*** Records provided Section Begins ***

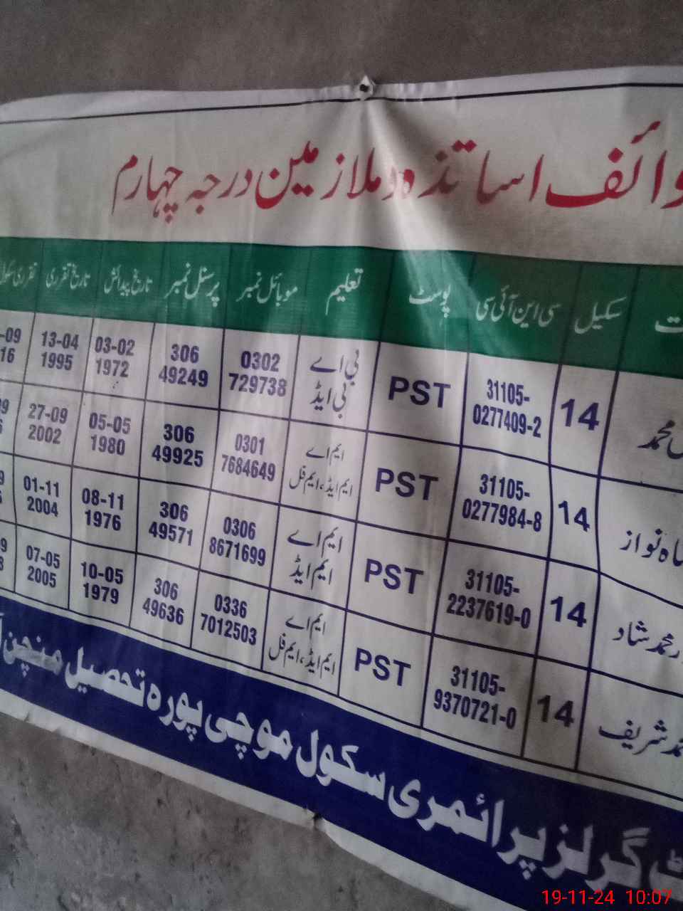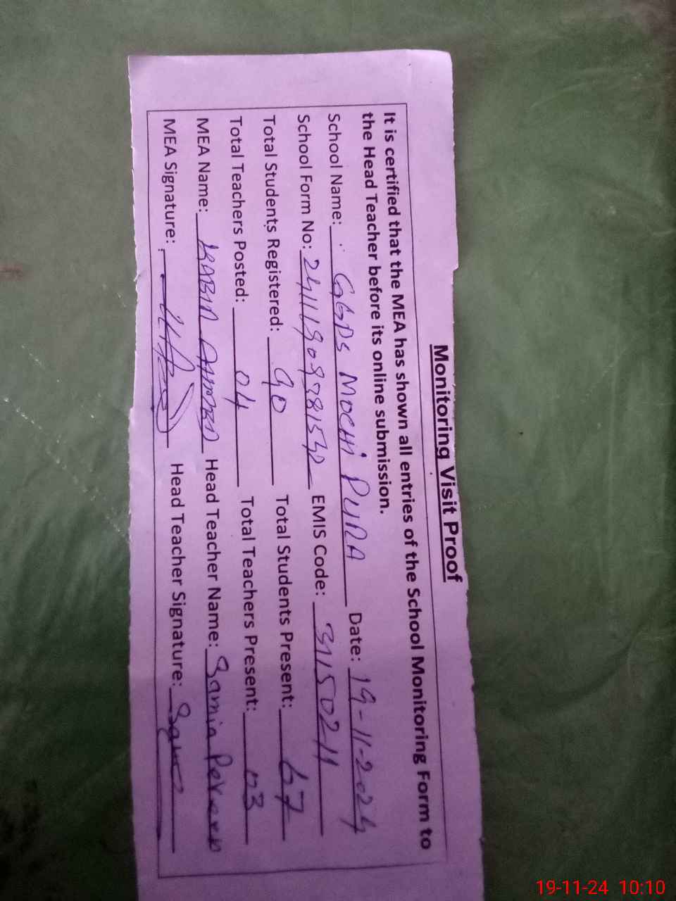 | EMIS Code: 31150211 | Name of School: GGPS MOCHI PURA | |||
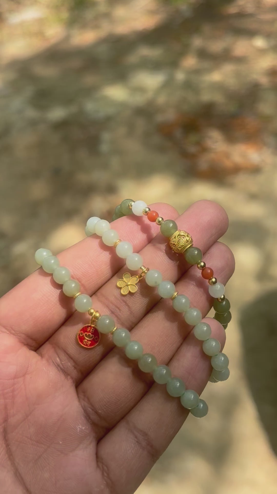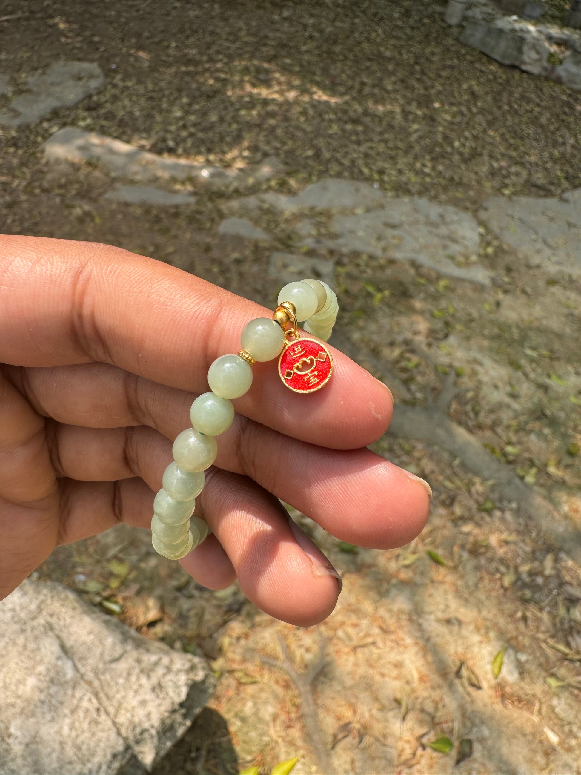Modern, minimalist spin on a classic Chinese lucky bracelet. Features a red pendant engraved with the phrase "Let riches and treasures come into your house" (招财进宝); perfect for people looking for more luck and protection in their lives. Light green nephrite jade with 14k gold-plated sterling silver.
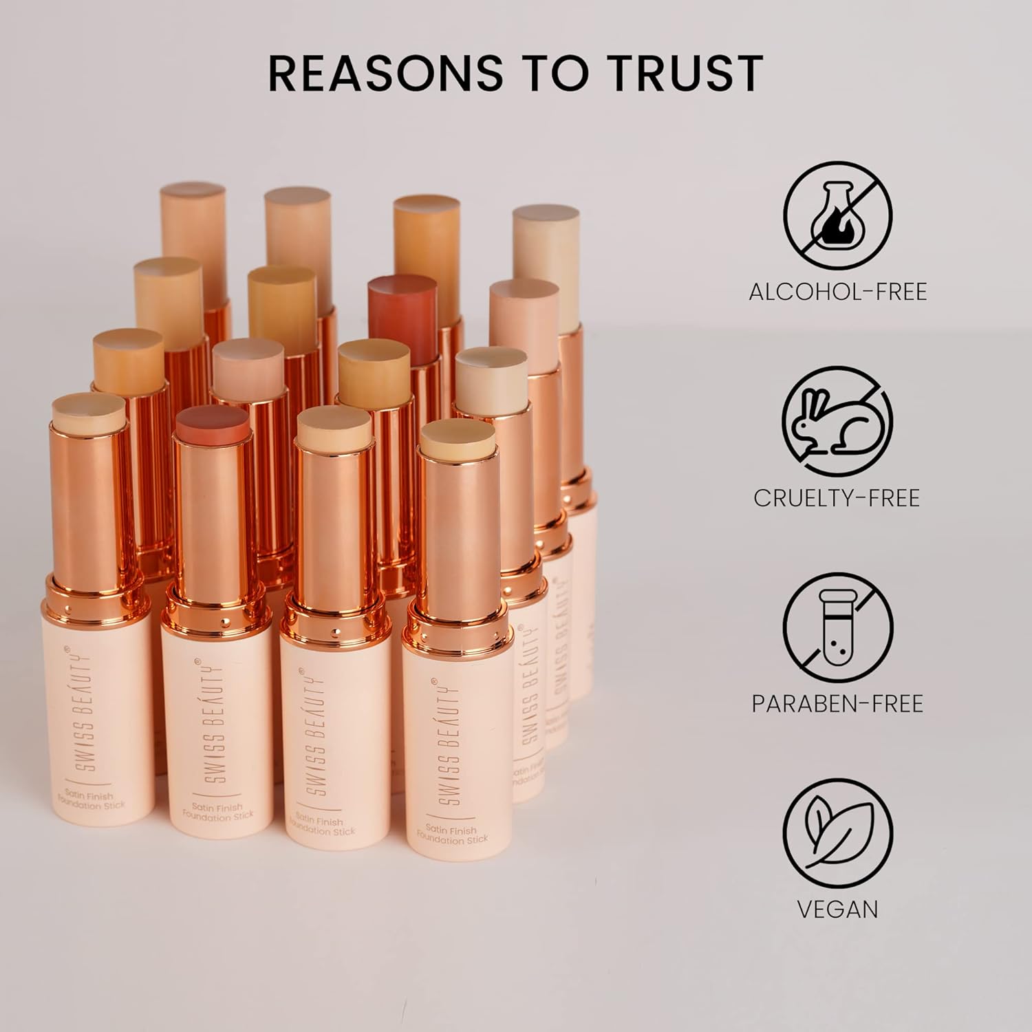 You’ll want to Stick To It! Swiss Beauty Satin Finish Panstick Foundation is your go-to product for a long lasting dewy finish. The creamy texture of this foundation stick glides smoothly on your skin and its flawless coverage hides dark circles, blemishes and dark spots thereby helping to form the perfect base for makeup. Lightweight in nature, the creamy texture melts effortlessly into your skin and blends perfectly. Available in 8 different shades, this panstick foundation is made for all skin tones. Formulated as a long-lasting product, it is 100% vegan and cruelty-free.
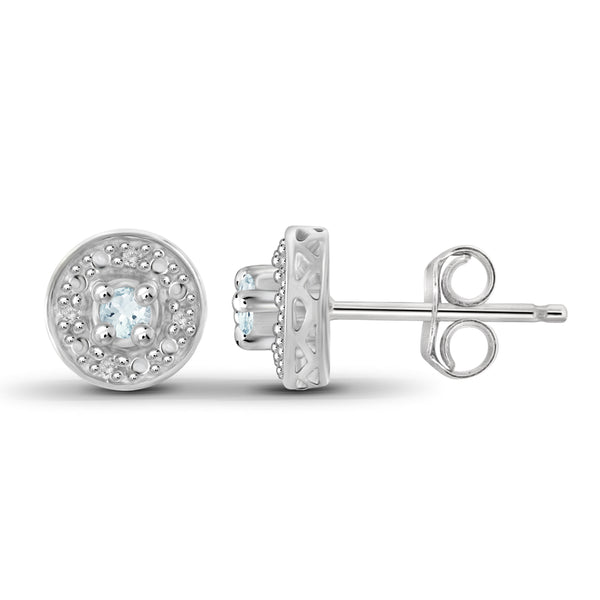 Aquamarine Accent and White Diamond Accent Sterling Silver Halo Earrings
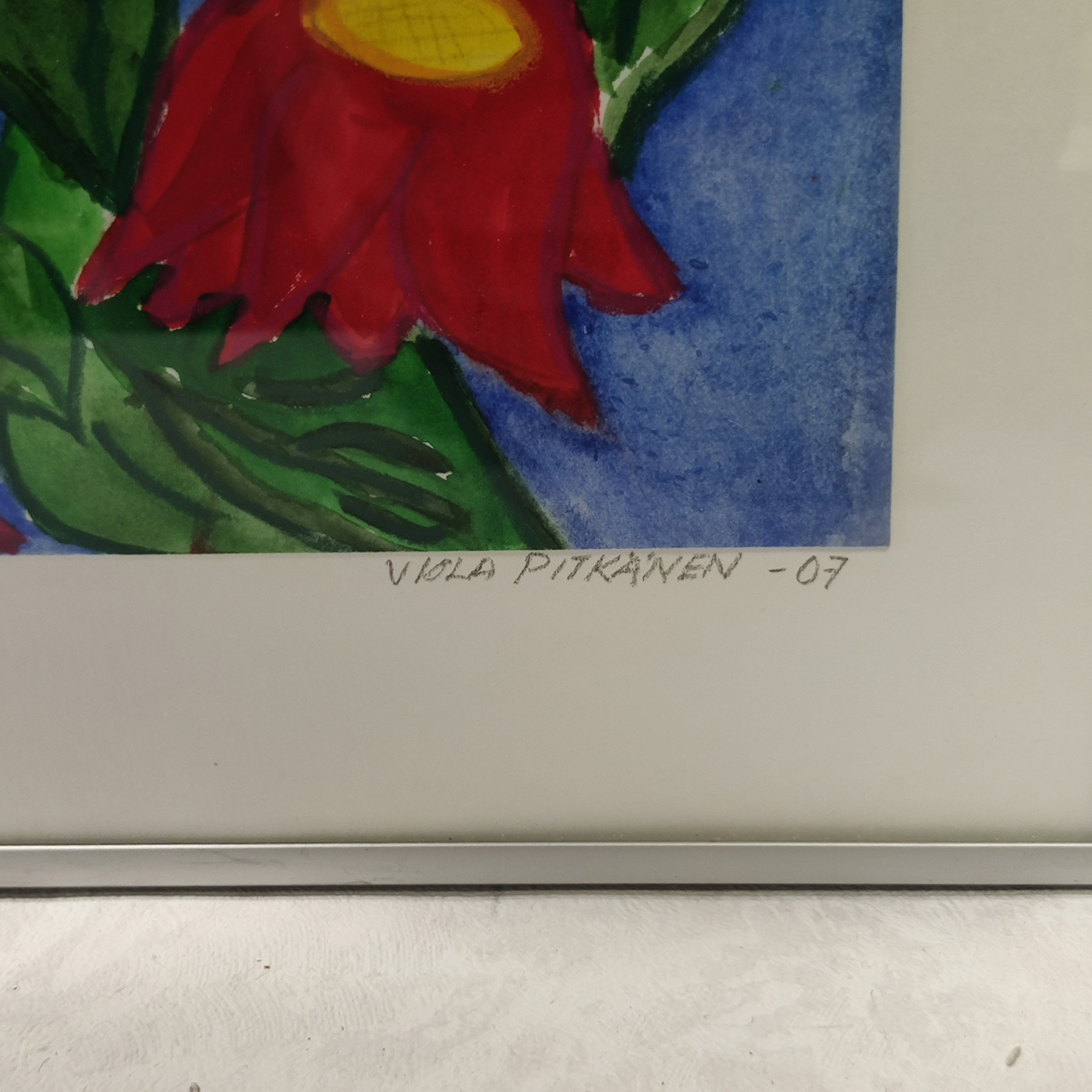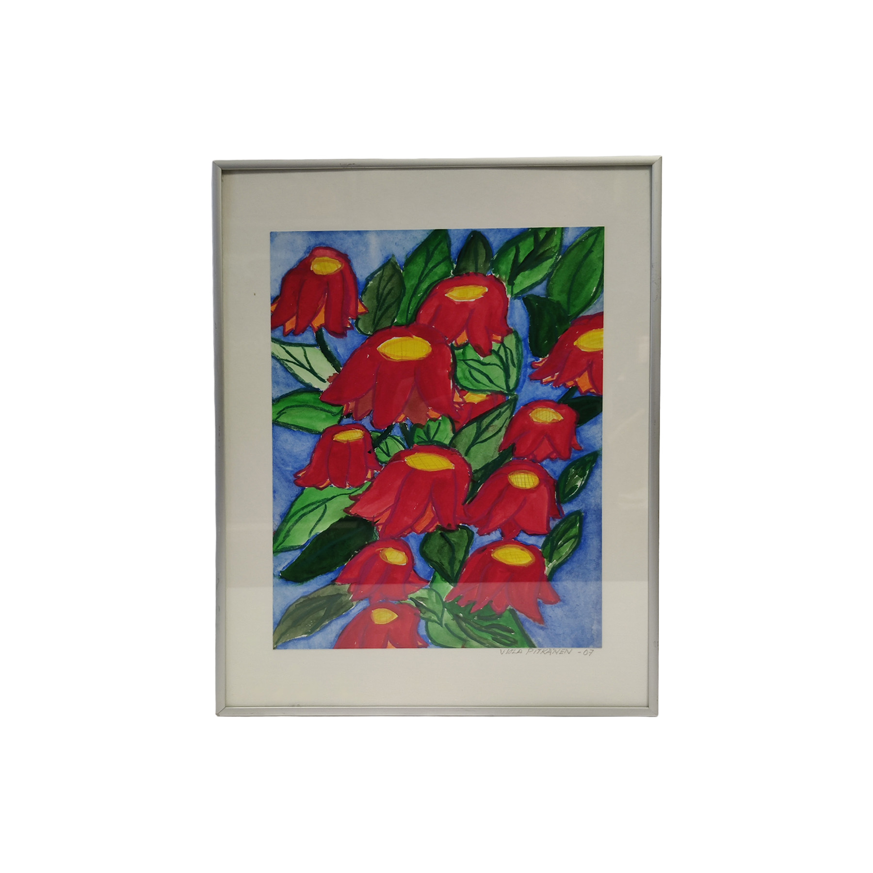 Viola Pitkänen – Kukat -taulu.Hyvä kunto, kehyksessä vähäisiä käytönjälkiä.Mitat: n. 30,5 × 42,5 cm.
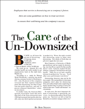 Employees that survive a downsizing are a company's future. Here are some guidelines on how to treat survivors to ensure their well being and the company's success.
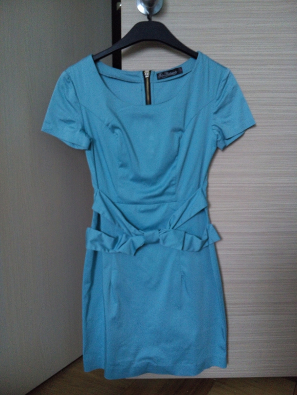 Очень стильное платье, цвет морской волны. В идеале, одето 1раз. Размер С. Перед украшен бантом. Сзади стильная молния. 1600 руб м.Новокосино
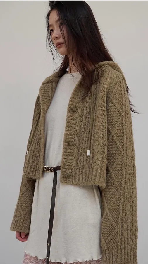 G429 78%羊駝麻花連帽排釦衫 (必收❤️‍🔥剛剛好的份量,不會胖胖的麻花~連帽好美)
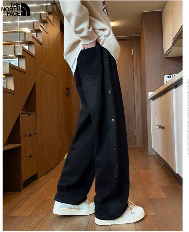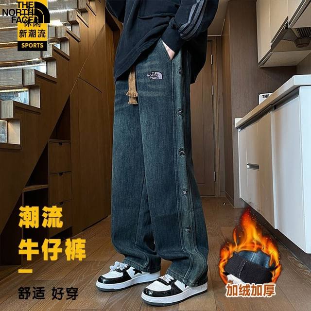 The North Face Winter New Arrival, Unisex New Two-Color Label Heavy Washed Fleece Lined Thick Jeans, Men's Straight Leg Pants! DDD Loose Fit, Perfect Details, Washed Denim Fleece Lined Thick Fabric, Wear-Resistant and Stain-Resistant, Three-Dimensional Cut, Loose Fit, Imported Machine Print, Repeated Washing Will Not Crack or Peel, Unisex Couple Style DDD Colors: Black, Denim Blue DDD
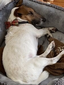 "Frankie, aka Taffy, is really taking to his new home and adjusting very well! He is another mommas boy. This is him taking a nap, while his mom washes all of the dog hair out of the couch covers. So glad we were able to take Frankie home and he is able to live out his senior years in peace and happiness!"

*** Records provided Section Ends ***

- What to work on: Give again, word for word, the line containing "Очень стильное платье, цвет" and every line after it to the end of the records; leave out the pictures.

- Output for this exercise:
 Очень стильное платье, цвет морской волны. В идеале, одето 1раз. Размер С. Перед украшен бантом. Сзади стильная молния. 1600 руб м.Новокосино
 G429 78%羊駝麻花連帽排釦衫 (必收❤️‍🔥剛剛好的份量,不會胖胖的麻花~連帽好美)
 The North Face Winter New Arrival, Unisex New Two-Color Label Heavy Washed Fleece Lined Thick Jeans, Men's Straight Leg Pants! DDD Loose Fit, Perfect Details, Washed Denim Fleece Lined Thick Fabric, Wear-Resistant and Stain-Resistant, Three-Dimensional Cut, Loose Fit, Imported Machine Print, Repeated Washing Will Not Crack or Peel, Unisex Couple Style DDD Colors: Black, Denim Blue DDD
 "Frankie, aka Taffy, is really taking to his new home and adjusting very well! He is another mommas boy. This is him taking a nap, while his mom washes all of the dog hair out of the couch covers. So glad we were able to take Frankie home and he is able to live out his senior years in peace and happiness!"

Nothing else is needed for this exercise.